You need both locks only when you updating the queue depth. That was not an issue without preempt. Looking at the trace this is now an issue, so it will need to be sorted out.

The way the locks work is - head_lock guards head, tail_lock guards tail and head/tail run around and wrap.

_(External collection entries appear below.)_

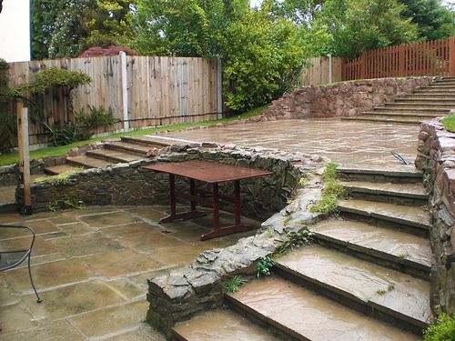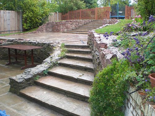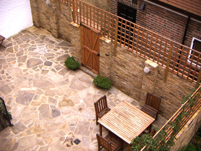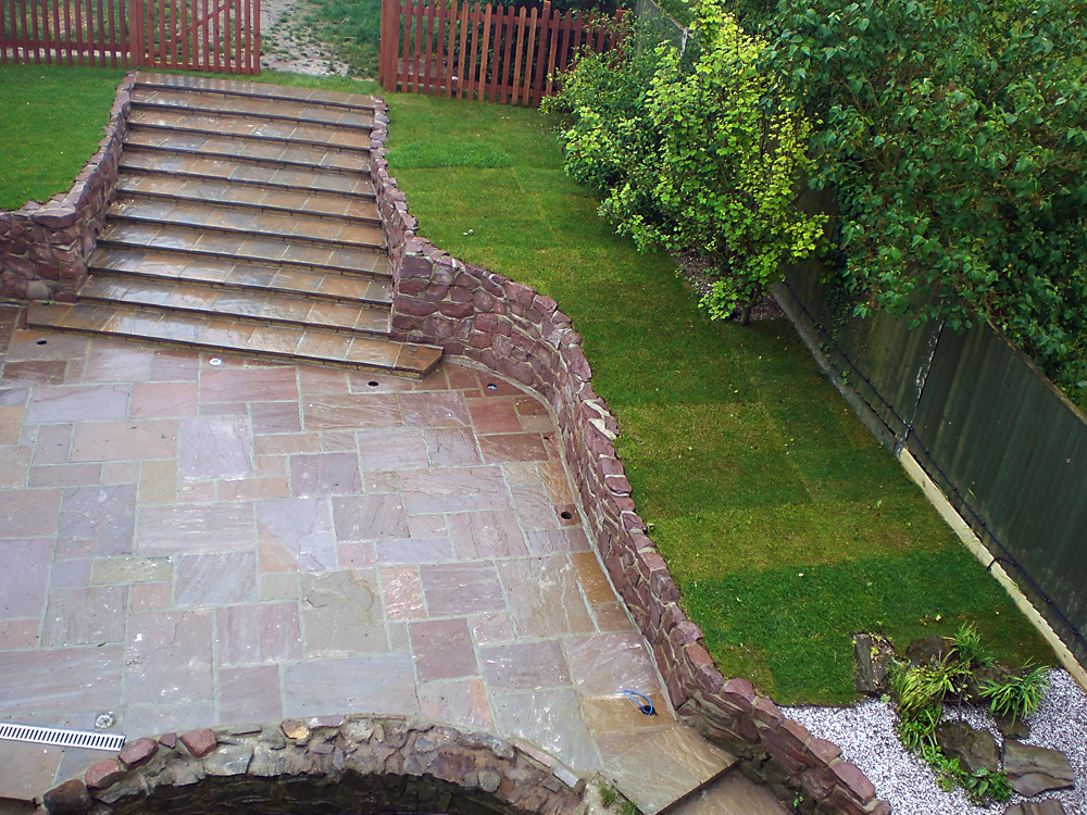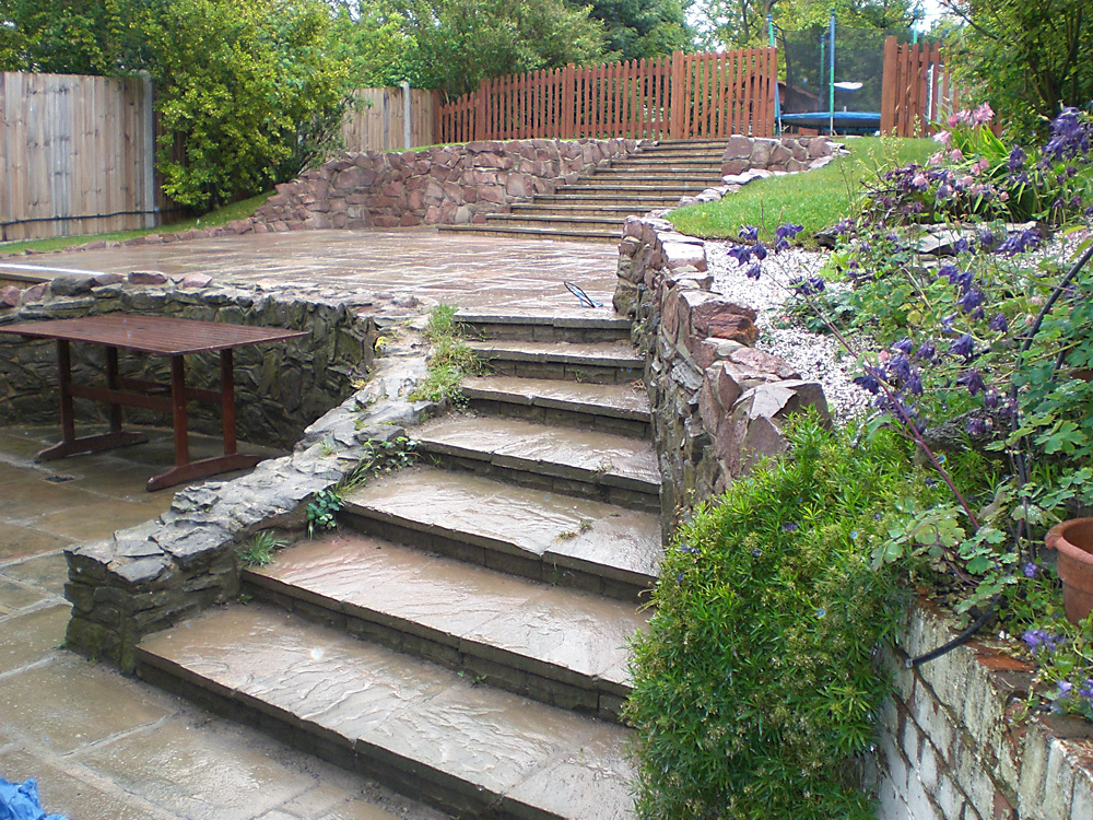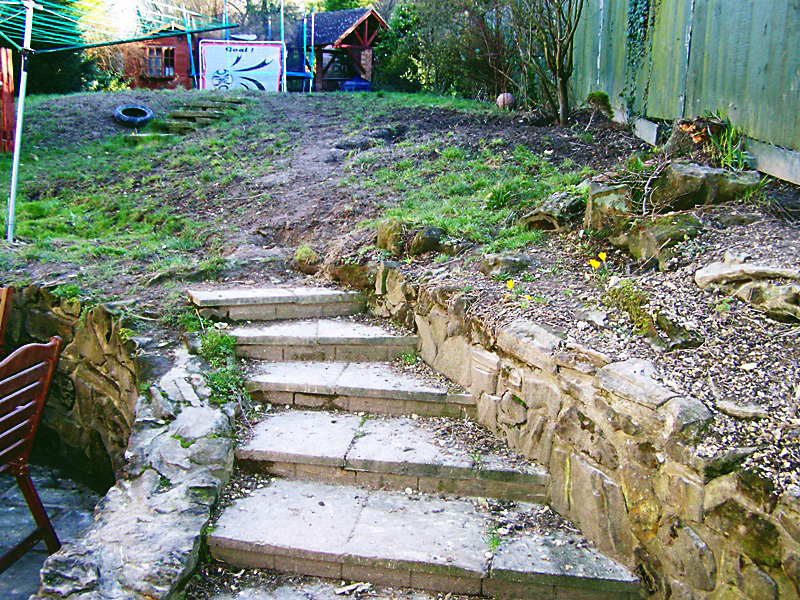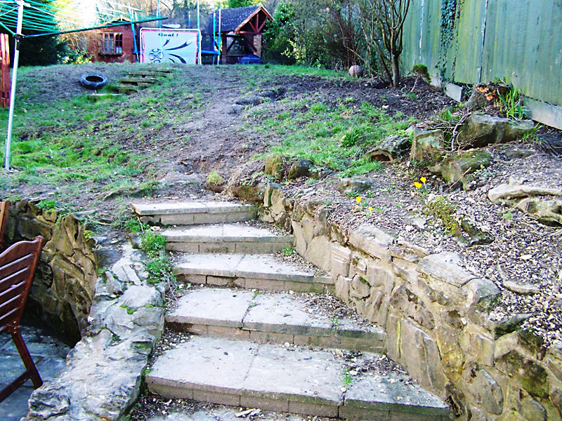 Below you can see images of works we done. On five images in upper line you see a back garden converted in a lovely and useful space. We did design of it, ground works, paving works on natural stone levelling all in one line. Work with that stone was very complicated because of the difference in thickness of each single stone but final result delighted everyone. There are light embedded along stairs and across, so it looks spectacular from the house when evening darkness comes.
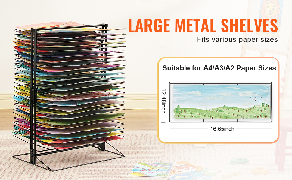 Tento stojan na sušenie obrazov, ktorý je celý vyrobený z kovu, je konštruovaný tak, aby udržal veľké množstvo umeleckých diel bez toho, aby sa ohýbal alebo deformoval. Do políc možno umiestniť rôzne veľkosti papiera vrátane formátov A4, A3 a A2. Aj pri plnom zaťažení si zachováva stabilitu bez rizika zrútenia.
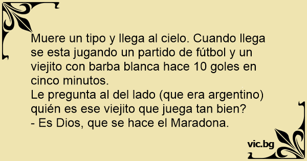 Muere un tipo y llega al cielo. Cuando llega se esta jugando un partido de fútbol y un viejito соn barba blanca hace 10 goles en cinco minutos.
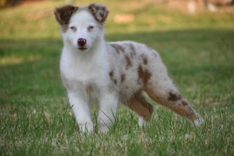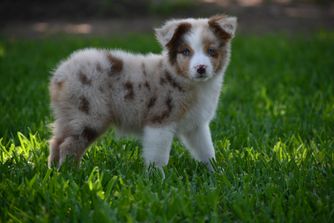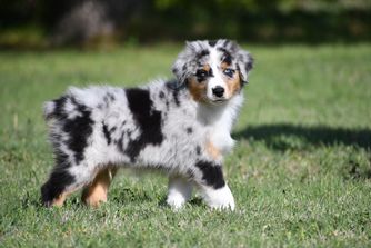 Our puppies include black, red merle, blue merle, and red. Colors will vary depending on the parent dogs.
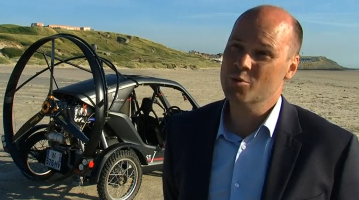 He described the vehicle – a kind of dune buggy with a paraglider’s propeller, which requires and a driving and a pilot license – as very light with ‘off-road capacities’ and able to fly over obstacles.
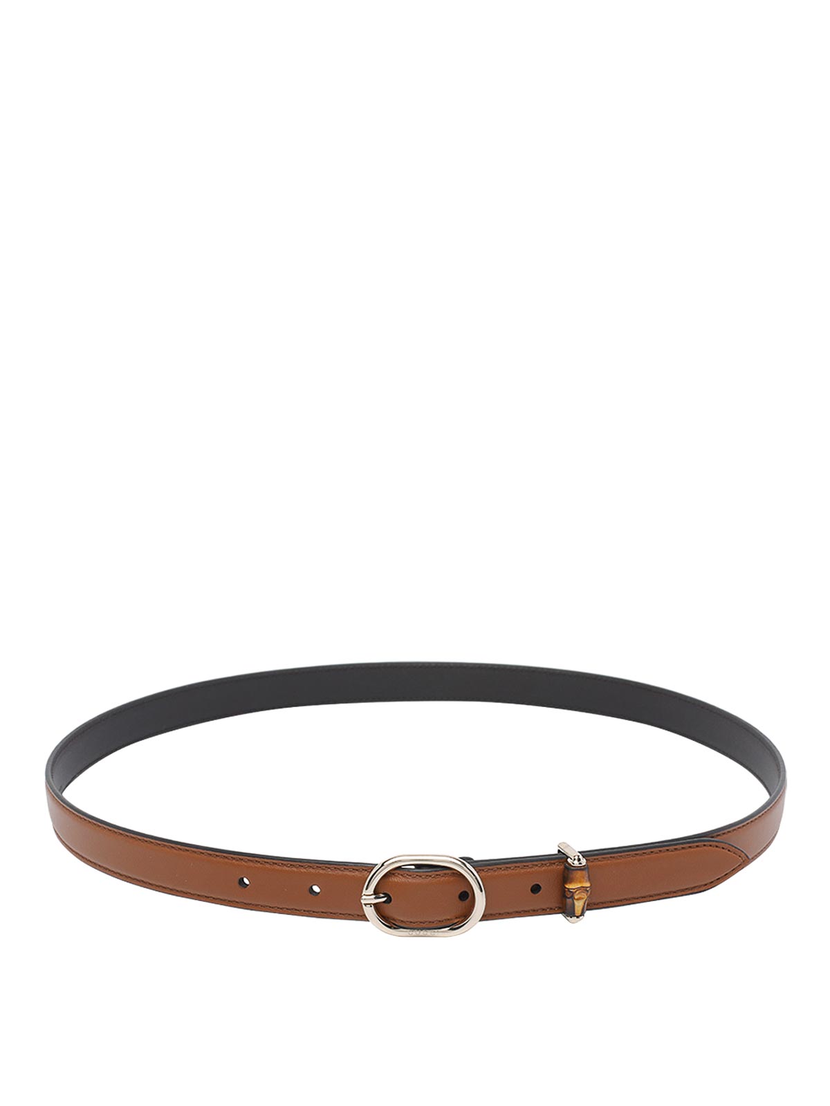 Gucci brown oval buckle thin belt, frontal buckle closure, leather model
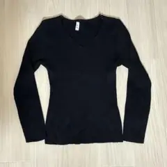黒 Vネック リブ編み 長袖トップス タイト ニット
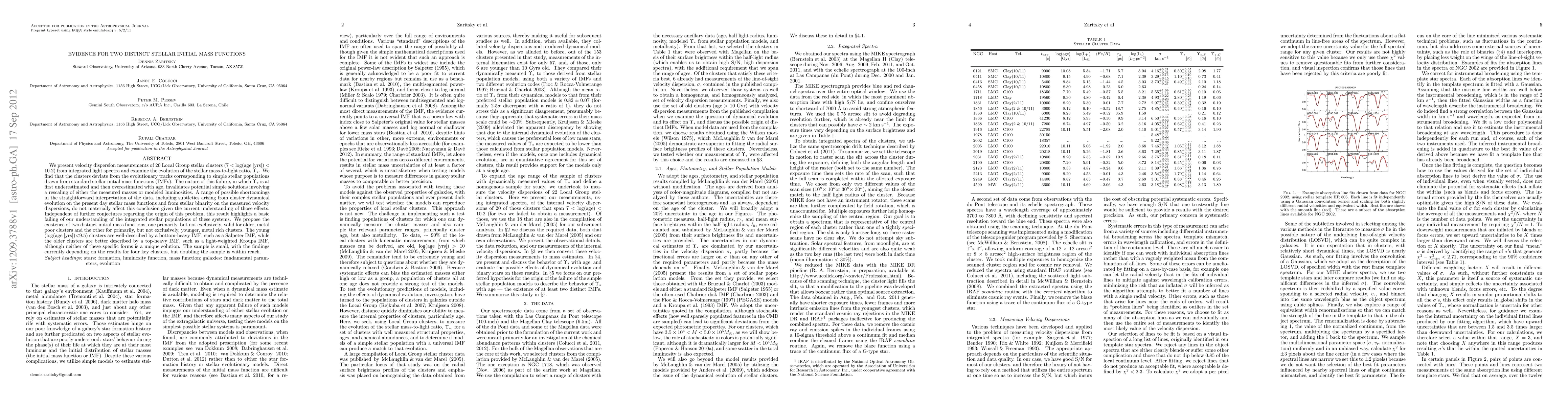 We present velocity dispersion measurements of 20 Local Group stellar clusters (7 < log(age [yrs]) < 10.2) from integrated light spectra and examine the evolution of the stellar mass-to-light ratio, Upsilon_*. We find that the clusters deviate from the evolutionary tracks corresponding to simple stellar populations drawn from standard stellar initial mass functions (IMFs). The nature of this failure, in which Upsilon_* is at first underestimated and then overestimated with age, invalidates potential simple solutions involving a rescaling of either the measured masses or modeled luminosities. A range of possible shortcomings in the straightforward interpretation of the data, including subtleties arising from cluster dynamical evolution on the present day stellar mass functions and from stellar binarity on the measured velocity dispersions, do not materially affect this conclusion given the current understanding of those effects. Independent of further conjectures regarding the origin of this problem, this result highlights a basic failing of our understanding of the integrated stellar populations of these systems. We propose the existence of two distinct initial mass functions, one primarily, but not exclusively, valid for older, metal poor clusters and the other for primarily, but not exclusively, younger, metal rich clusters. The young (log(age [yrs])< 9.5) clusters are well-described by a bottom-heavy IMF, such as a Salpeter IMF, while the older clusters are better described by a top-heavy IMF, such as a light-weighted Kroupa IMF, although neither of these specific forms is a unique solution. The sample is small, with the findings currently depending on the results for four key clusters, but doubling the sample is within reach.

If increment and decrement of the queue_depth is using atomics you do not need to grab both locks. One lock + atomic sub/add will suffice.


Report:

======================================================
WARNING: possible circular locking dependency detected
6.10.0-rc6-00036-gcd01672d64a3 #26 Not tainted
------------------------------------------------------
systemd-network/105 is trying to acquire lock:
00000000622bd8b0 (&result->tail_lock){+...}-{2:2}, at: vector_send+0x1c5/0x266

but task is already holding lock:
00000000622bd870 (&result->head_lock){+...}-{2:2}, at: vector_send+0x3b/0x266

which lock already depends on the new lock.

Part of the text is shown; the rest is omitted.